# Skittles!



## *Tiel_Heart* (Feb 19, 2008)

Hey guys. I thought it would be time for an update on my little top model....
Skittles is currently in a photo conest on TB and here are some of her gorgeous Portrait photos. She has such cute pearlies!:

























And for the sleep one she is having a nap in the avairy while drying of in the sun after a quick mist


----------



## Renae (Feb 9, 2008)

She's gorgeous. Definitely a perfect model too.


----------



## *Tiel_Heart* (Feb 19, 2008)

Thanks!
Here is some bloopers from it:
I think i have a ghost bird  and she wasnt even moving much?








My singing tiel!


----------



## Renae (Feb 9, 2008)

:lol: @ that first one, that's funny. 

I love the second one, I have so many photos of Theo doing the same thing, only I call it her rawr.


----------



## allen (Aug 25, 2007)

so we have 2 skittles now


----------



## Aly (Jul 30, 2007)

She's a doll!


----------



## *Tiel_Heart* (Feb 19, 2008)

Aly said:


> She's a doll!


Thanks! 



allen said:


> so we have 2 skittles now


Hehe. She is an X class pet. We had a contest to name her(I was in the Class) And I won! 



Solace. said:


> :lol: @ that first one, that's funny.
> 
> I love the second one, I have so many photos of Theo doing the same thing, only I call it her rawr.

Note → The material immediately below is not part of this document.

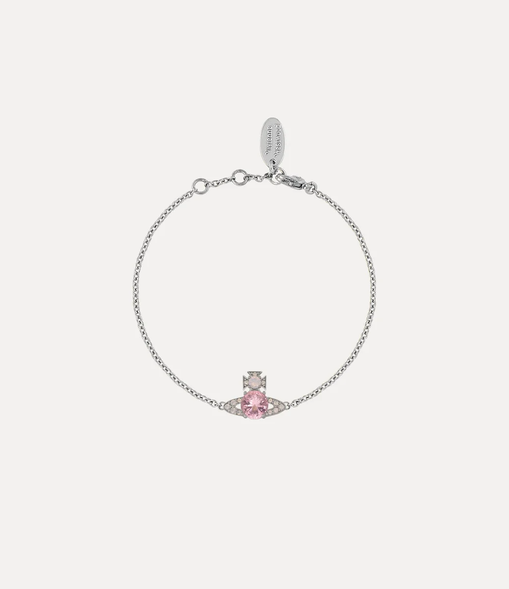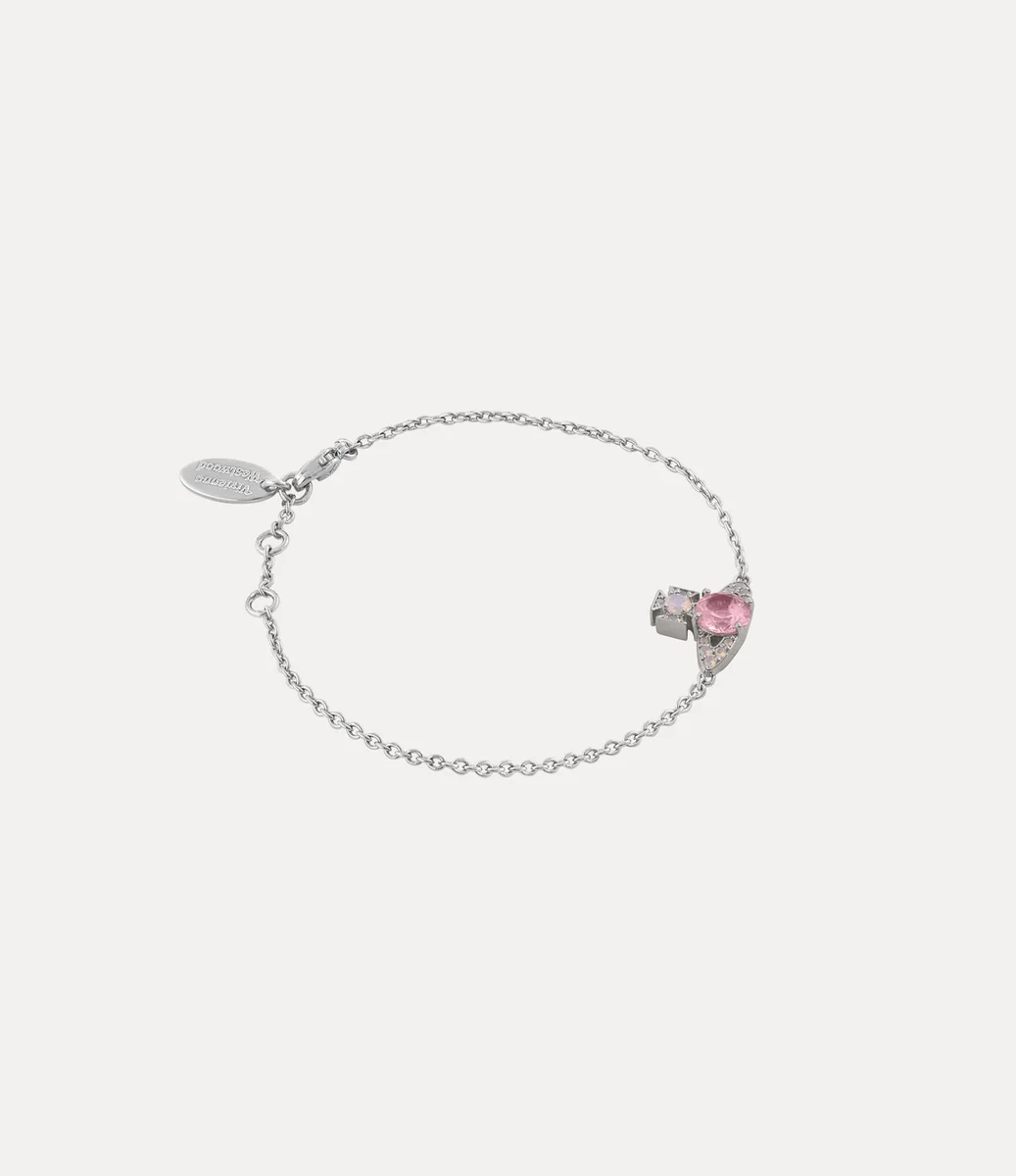 Unser Ismene-Armband wurde in dieser Saison mit glitzernden rosa Kristalldetails und einer polierten, silberfarbenen Beschichtung aktualisiert. In der Mitte befindet sich eine Kugel, die Tradition symbolisiert, umgeben von den himmlischen Ringen des Saturn, die die Zukunft symbolisieren.

That is the first time i have ever got a picture of a tiel doing that .
The first one is funny hehe.I think she is practicing her powers. Oh No I just revealed our secret! Lol. Don't even ask me why it happened. You can see she wasn't moving! Anytime I have got a picture like that iut has been becuase they have been moving fast...


----------



## Cheryl (Dec 27, 2008)

Aw! What a sweet heart.


----------



## *Tiel_Heart* (Feb 19, 2008)

Cheryl said:


> Aw! What a sweet heart.


Thankyou


----------



## Terri Peters (Dec 24, 2008)

Awww, she is such a cutie. I just love the pearls. One of the photos I took of Holly yesterday that ended up in the blooper folder, she was scratching under her chin (I think) at any rate the photo was in great focus except for her 500 MPH foot and her head...LOL


----------



## xxxSpikexxx (Jul 30, 2007)

She is so pretty  Here is my ghost dog  http://www.flickr.com/photos/gummycarebear/17237603/ Playing with slow shutter speeds can be fun. For example use a 10 second shutter speed and have someone stand there for five seconds and then get out of the photo for the other five http://www.flickr.com/photos/gummycarebear/265545584/ Tripods are really helpful, play around and see what you get


----------